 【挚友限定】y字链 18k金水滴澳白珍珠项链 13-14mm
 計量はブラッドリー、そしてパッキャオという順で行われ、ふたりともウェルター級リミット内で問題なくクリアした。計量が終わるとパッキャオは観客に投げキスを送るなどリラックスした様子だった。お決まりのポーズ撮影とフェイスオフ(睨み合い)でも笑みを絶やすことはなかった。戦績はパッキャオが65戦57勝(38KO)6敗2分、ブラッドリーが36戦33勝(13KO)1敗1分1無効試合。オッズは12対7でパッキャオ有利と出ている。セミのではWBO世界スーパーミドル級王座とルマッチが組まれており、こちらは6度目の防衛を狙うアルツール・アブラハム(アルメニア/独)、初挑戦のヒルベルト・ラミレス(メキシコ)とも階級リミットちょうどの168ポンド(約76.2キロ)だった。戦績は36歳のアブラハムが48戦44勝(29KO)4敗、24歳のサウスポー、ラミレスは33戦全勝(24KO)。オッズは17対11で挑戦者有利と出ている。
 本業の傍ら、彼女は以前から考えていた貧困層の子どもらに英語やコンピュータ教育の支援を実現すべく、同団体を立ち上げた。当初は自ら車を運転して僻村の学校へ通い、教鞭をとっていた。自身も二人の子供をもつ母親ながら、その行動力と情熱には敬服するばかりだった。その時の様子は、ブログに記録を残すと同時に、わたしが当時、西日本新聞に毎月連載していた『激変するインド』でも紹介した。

* * *

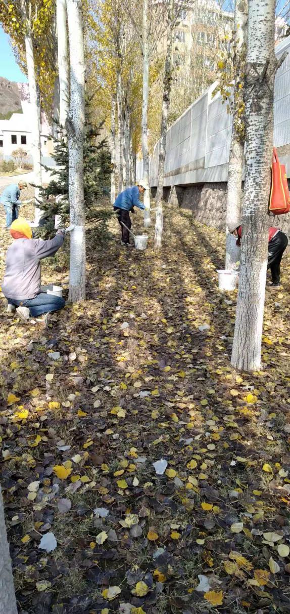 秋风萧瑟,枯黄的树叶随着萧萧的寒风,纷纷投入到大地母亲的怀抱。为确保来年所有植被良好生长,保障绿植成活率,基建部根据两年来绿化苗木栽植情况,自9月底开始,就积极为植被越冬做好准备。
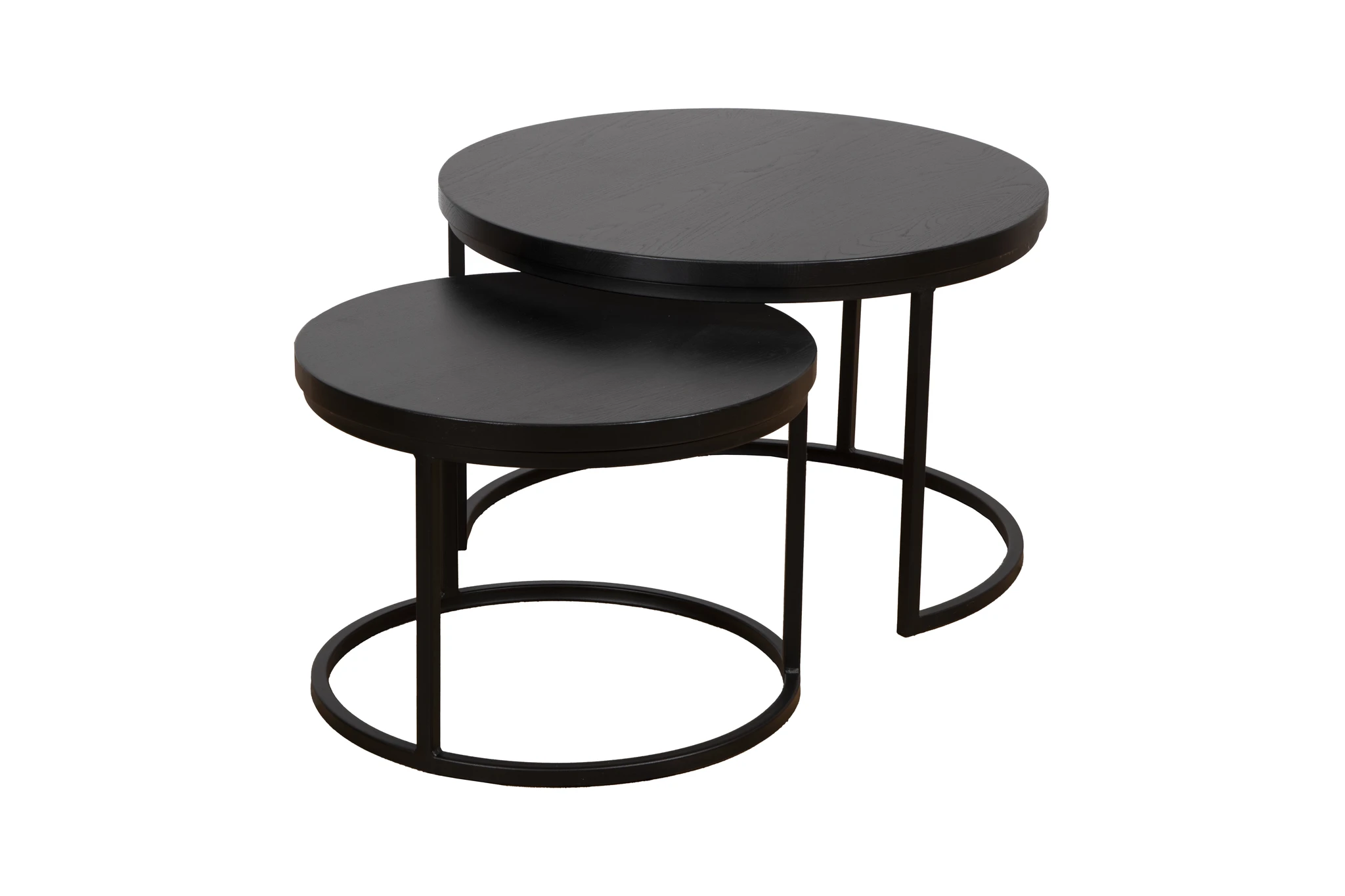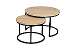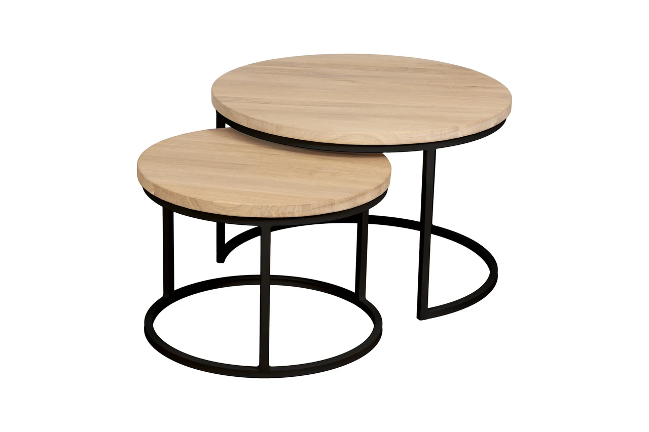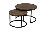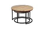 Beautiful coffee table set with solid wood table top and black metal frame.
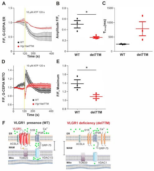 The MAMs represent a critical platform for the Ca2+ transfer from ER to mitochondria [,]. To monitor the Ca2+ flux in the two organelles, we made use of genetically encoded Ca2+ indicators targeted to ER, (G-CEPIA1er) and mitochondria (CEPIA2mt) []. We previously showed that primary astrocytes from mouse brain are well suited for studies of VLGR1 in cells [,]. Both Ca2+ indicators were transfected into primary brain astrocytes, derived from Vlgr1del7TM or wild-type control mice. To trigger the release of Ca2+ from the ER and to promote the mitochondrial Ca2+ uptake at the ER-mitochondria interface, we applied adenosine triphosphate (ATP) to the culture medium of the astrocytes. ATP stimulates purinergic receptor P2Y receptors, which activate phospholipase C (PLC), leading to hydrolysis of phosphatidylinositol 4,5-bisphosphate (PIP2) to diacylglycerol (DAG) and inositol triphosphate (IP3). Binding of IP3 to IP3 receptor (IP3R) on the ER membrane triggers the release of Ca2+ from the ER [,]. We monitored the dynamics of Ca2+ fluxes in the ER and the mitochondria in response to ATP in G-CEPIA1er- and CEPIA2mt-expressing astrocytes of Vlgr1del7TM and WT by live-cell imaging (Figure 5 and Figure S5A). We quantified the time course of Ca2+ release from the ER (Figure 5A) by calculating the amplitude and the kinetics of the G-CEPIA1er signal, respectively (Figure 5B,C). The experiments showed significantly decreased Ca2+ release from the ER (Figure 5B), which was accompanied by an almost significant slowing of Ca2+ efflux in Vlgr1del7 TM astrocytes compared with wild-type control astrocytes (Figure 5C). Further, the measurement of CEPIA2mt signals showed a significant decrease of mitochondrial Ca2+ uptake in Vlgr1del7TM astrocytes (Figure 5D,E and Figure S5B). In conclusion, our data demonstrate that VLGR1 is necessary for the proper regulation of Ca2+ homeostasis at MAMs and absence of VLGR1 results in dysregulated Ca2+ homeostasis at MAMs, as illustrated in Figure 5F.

◆ **Directions**: Looking at the records above, return exactly the lines from the line with "計量はブラッドリー、そしてパ" to the line with "本業の傍ら、彼女は以前から考", both ends included.

◆ **Result of the exercise**:
 計量はブラッドリー、そしてパッキャオという順で行われ、ふたりともウェルター級リミット内で問題なくクリアした。計量が終わるとパッキャオは観客に投げキスを送るなどリラックスした様子だった。お決まりのポーズ撮影とフェイスオフ(睨み合い)でも笑みを絶やすことはなかった。戦績はパッキャオが65戦57勝(38KO)6敗2分、ブラッドリーが36戦33勝(13KO)1敗1分1無効試合。オッズは12対7でパッキャオ有利と出ている。セミのではWBO世界スーパーミドル級王座とルマッチが組まれており、こちらは6度目の防衛を狙うアルツール・アブラハム(アルメニア/独)、初挑戦のヒルベルト・ラミレス(メキシコ)とも階級リミットちょうどの168ポンド(約76.2キロ)だった。戦績は36歳のアブラハムが48戦44勝(29KO)4敗、24歳のサウスポー、ラミレスは33戦全勝(24KO)。オッズは17対11で挑戦者有利と出ている。
 本業の傍ら、彼女は以前から考えていた貧困層の子どもらに英語やコンピュータ教育の支援を実現すべく、同団体を立ち上げた。当初は自ら車を運転して僻村の学校へ通い、教鞭をとっていた。自身も二人の子供をもつ母親ながら、その行動力と情熱には敬服するばかりだった。その時の様子は、ブログに記録を残すと同時に、わたしが当時、西日本新聞に毎月連載していた『激変するインド』でも紹介した。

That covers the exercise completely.